$25
Computer Organization and Architecture
Diffuse the Binary Bomb Lab
(50 points)
1. Problem Statement
This assignment deals with using the GDB Debugger and friends to analyze code segments and diffuse a binary bomb. The bomb is a 32-bit binary ELF executable, kaboom. The bomb is also available as a 64-bit binary ELF executable, kaboom64. For this assignment, you should test your solution on a CS Linux machine – in particular, we will grade the lab using cslinux.cs.ksu.edu.
2. Logistics
The only file to be submitted via K-State OnLine will be your answers in a plain ASCII text file, lab2.txt. As you go through the exercises today, reference the following for help on GDB:
• Complete documentation on GDB is available online at http://sources.redhat.com/gdb/current/onlinedocs/gdb.html.
• While running GDB, type help or help <command> for more information.
• The GDB help manual (man) page: $ man gdb
We will also use the tool objdump in this lab.

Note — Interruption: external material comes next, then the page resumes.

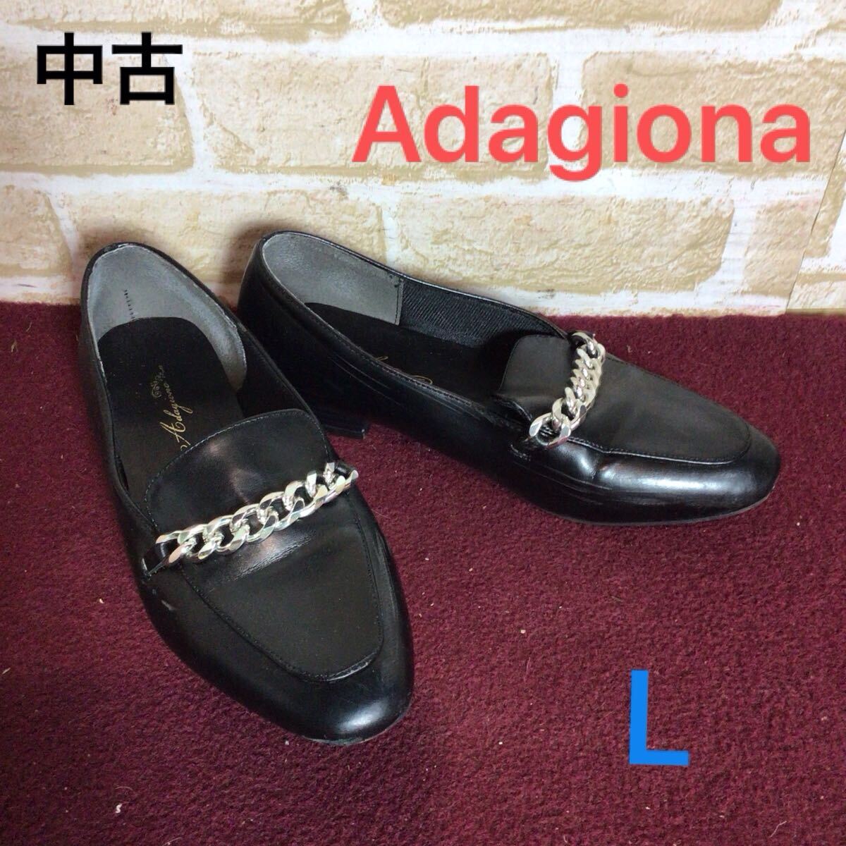 【売り切り!送料無料!】A-272 Adagiona!パンプス!黒!L!スタイリッシュ! ローヒール!歩きやすい!中古!

You can find help on objdump here:
• http://sourceware.org/binutils/docs/binutils/objdump.html
• And from objdump help output: objdump --help
3. Tutorial
To get started, follow the steps of this tutorial. You will use the following programs:
• A C program that represents a simple binary bomb, boom.c, and the resulting executable created using gcc
with the command: gcc -fno-stack-protector -fno-inline -fno-omit-frame-pointer –g –O1 –o boom boom.c
• Binary executable files, kaboom and kaboom64.

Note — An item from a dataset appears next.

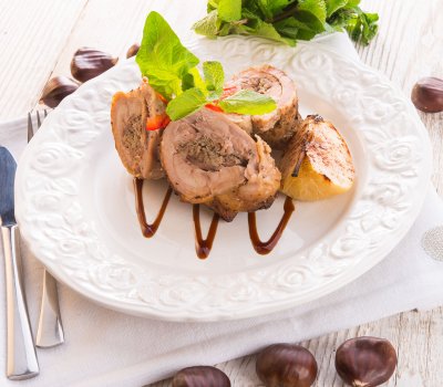 mit Gemüse Brunoise und Bergkäse gefüllt

You are encouraged to discuss GDB commands and the steps of this tutorial section with other students. You can find the files used in the lab in /pub/cis450/programs/Lab2.tgz.
Generating Assembly Code: The –S flag
Download the code from /pub/cis450/programs/Lab2:
$cd ~/cis450; cp /pub/cis450/programs/Lab2.tgz .; tar xvzf Lab2.tgz; cd Lab2
Copy the gzipped tar file from the public directory to our local directory and uncompress (z) and extract (x) files (f). Generate the output by invoking the make command.
$make
gcc -fno-stack-protector -fno-inline -fno-omit-frame-pointer -S -O1 boom.c gcc -fno-stack-protector -fno-inline -fno-omit-frame-pointer -g -O1 -o boom
Note that you don’t get the source, kaboom.c, for the binary bomb we will be diffusing for this lab, you already have the executable, kaboom. If you get a “Permission denied” error when you try to debug kaboom below, just add execute (x) permission using the command: chmod +x kaboom
Compiling for GDB: The -g flag
In order to create a symbol table for source-level debugging, you must compile with the '-g' option. This option generates additional debugging information, such as the symbol table, and stores this extra information inside the executable. The –O1 flag tells the compiler to perform Level-1 optimization. The –S flag tells the compiler to generate assembly code in the output file boom.s.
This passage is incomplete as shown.